ECS ASG scaling down policy recommendations


We're using AWS ECS to handle our services as a fleet of containers. The EC2 instances, on which the Docker/ECS agents run, are in an auto-scaling group, whose number of instances is based on custom metrics to ensure we always globally have enough available memory to start a few containers at once, but not too much to limit the costs.

There are no issues when scaling up, but scaling down according to the available memory means that a server with running containers can get removed (and the containers arbitrarily killed). It wasn't an issue until recently, because each critical service was running at least two tasks, so one task could be closed and could restart somewhere else without any service interruption.

But we now have services (Jenkins + remote slaves) that would better not get interrupted (or it may cut the slave -> master connection and make a job build crash).

I have a few ideas to try to handle that, but I'm wondering if there are recommandations, AWS options or a clever way to proceed to allow an ECS cluster to scale down while avoiding casualties...


Solution

  • Ok, I added control over the autoscaling operations by playing with the termination protection.

    Each ECS instance regularly runs a script that returns metrics. In this script, I added the following part:

    if [ $noContainersRunning == 1 ] && [ $asgProtection == true ]; then
        aws autoscaling set-instance-protection --region $region --instance-ids $instanceId --auto-scaling-group-name $asgId --no-protected-from-scale-in
        echo "Disabling scale-in protection"
    elif  [ $noContainersRunning == 0 ] && [ $asgProtection == false ]; then
        aws autoscaling set-instance-protection --region $region --instance-ids $instanceId --auto-scaling-group-name $asgId --protected-from-scale-in
        echo "Enabling scale-in protection"
    fi
    

    (with noContainerRunning being a variable that contains 1 if no tasks are running on this instance, and asgProtection the current state of the termination protection on this instance)
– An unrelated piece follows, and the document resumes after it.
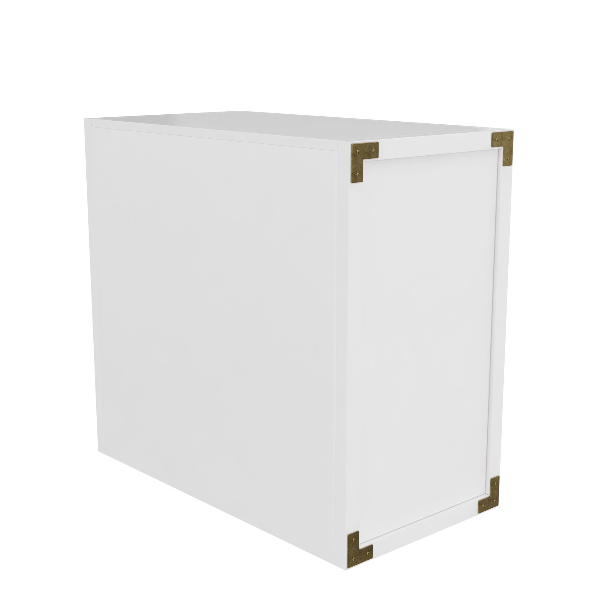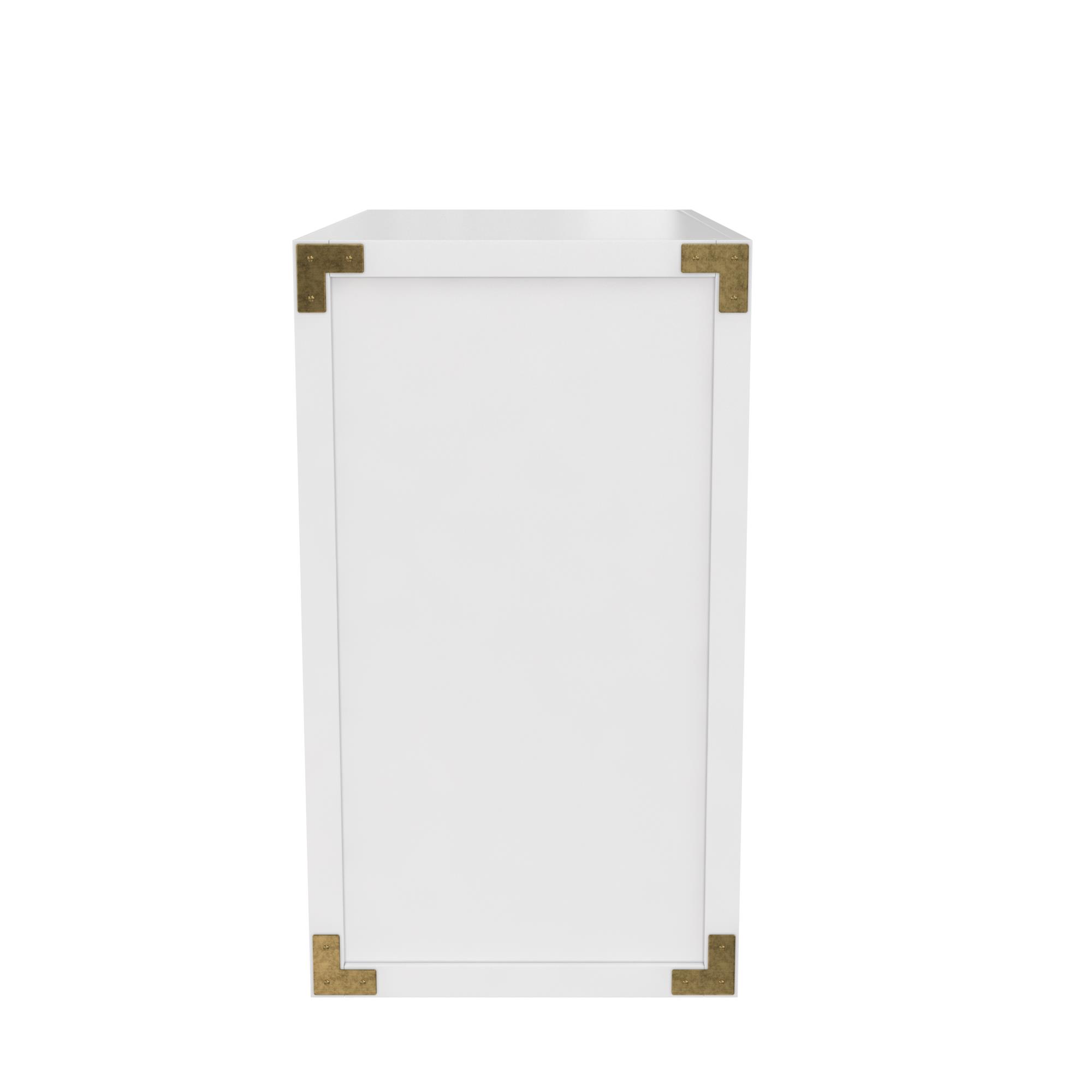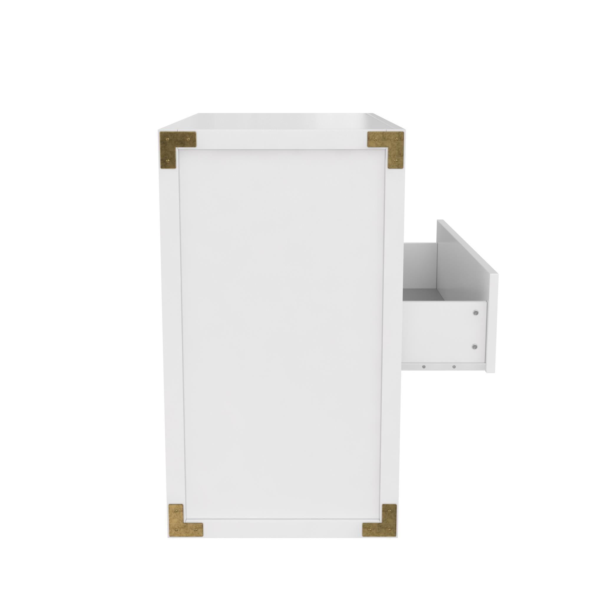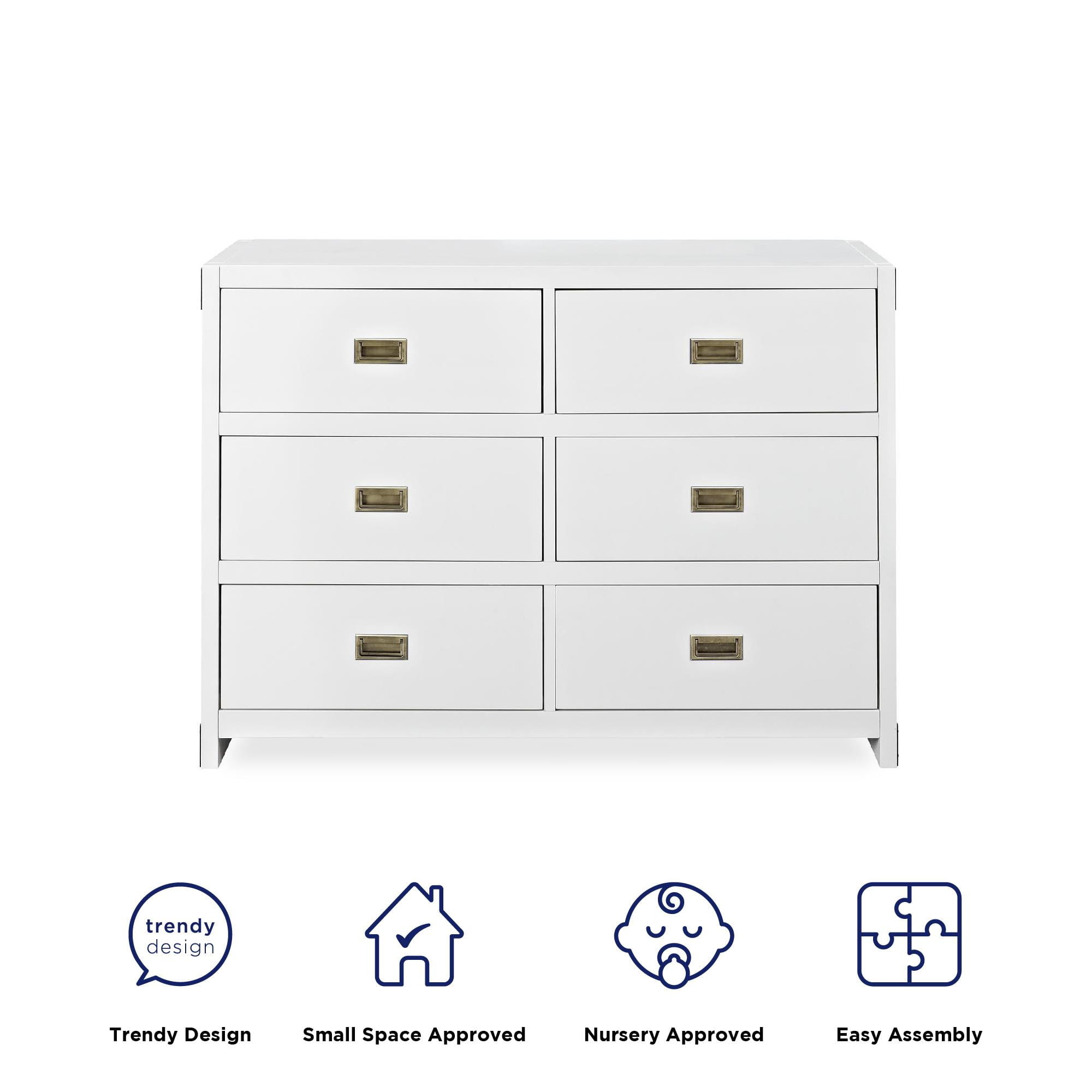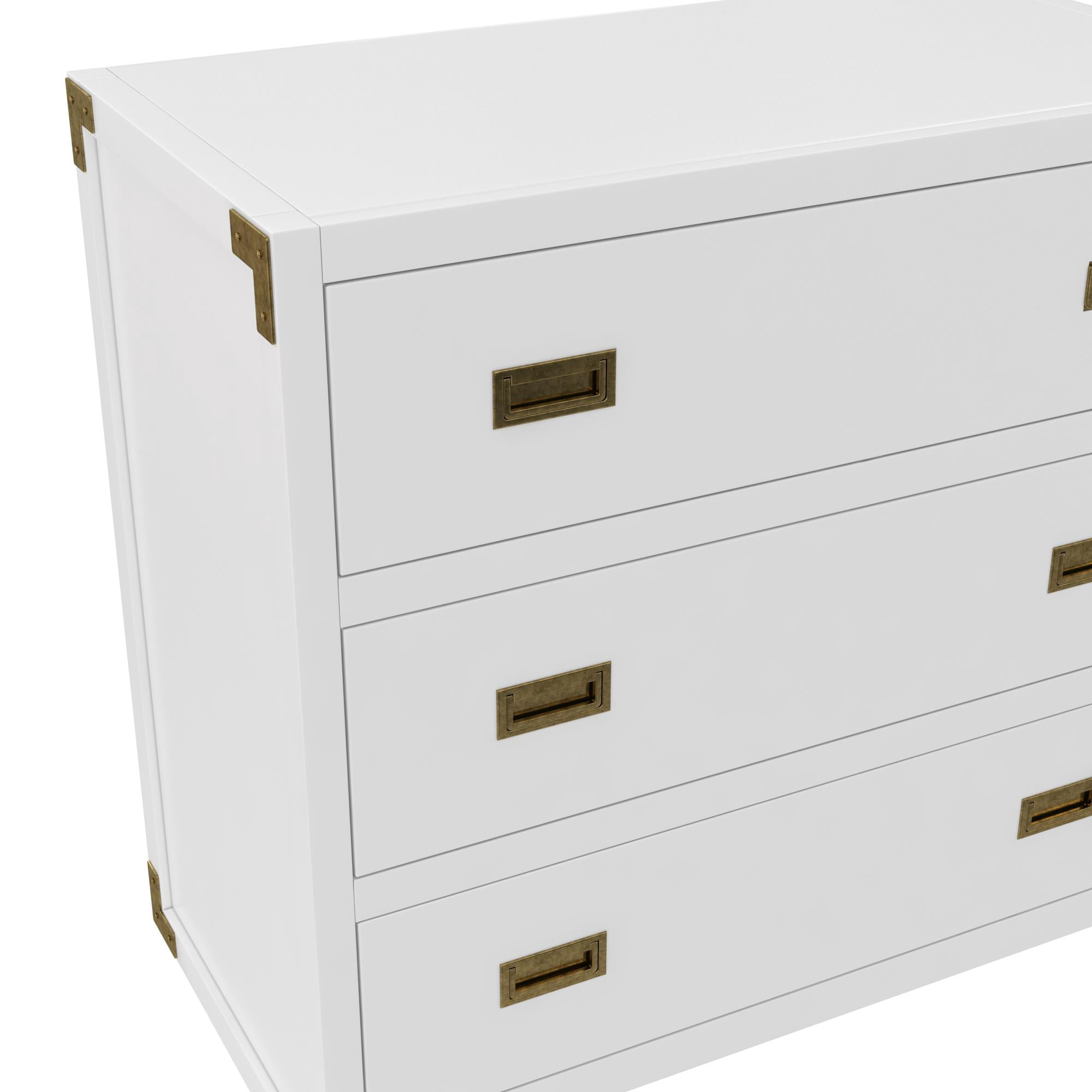 Modern campaign style nursery dresser with 3 sturdy wood drawers for storage and brass plated decor accents. Meets international ASTM and U.S. CPSC safety standards Brass metal hardware and drawer glides for easy opening and closing. Stop mechanisms on drawers for added security Includes an anti-tip kit with wall strap to ensure child safety. Finished in a non-toxic painting process Add the matching Dresser Topper (sold separately) to convert the 3-Drawer Dresser into a convenient changing station. Available in a variety of neutral colors. 1-year limited warranty Product dimensions: 35.5″L x 18.5″W x 33″H. Net weight: 79.5 lbs. Shipping dimensions: 37″L x 22″W x 9″H. Net weight: 87 lbs.

    Consequently, the auto-scaling group won't be able to remove an instance that contains a running container. If all instances run at least one container, the desired count will go down, but the auto-scaling will return cancelled: could not scale until an instance has 0 containers running again.

    It's working quite well!

    I also recreated the services with the bin-pack task placement template, to ensure the containers don't spread on all the instances of the cluster.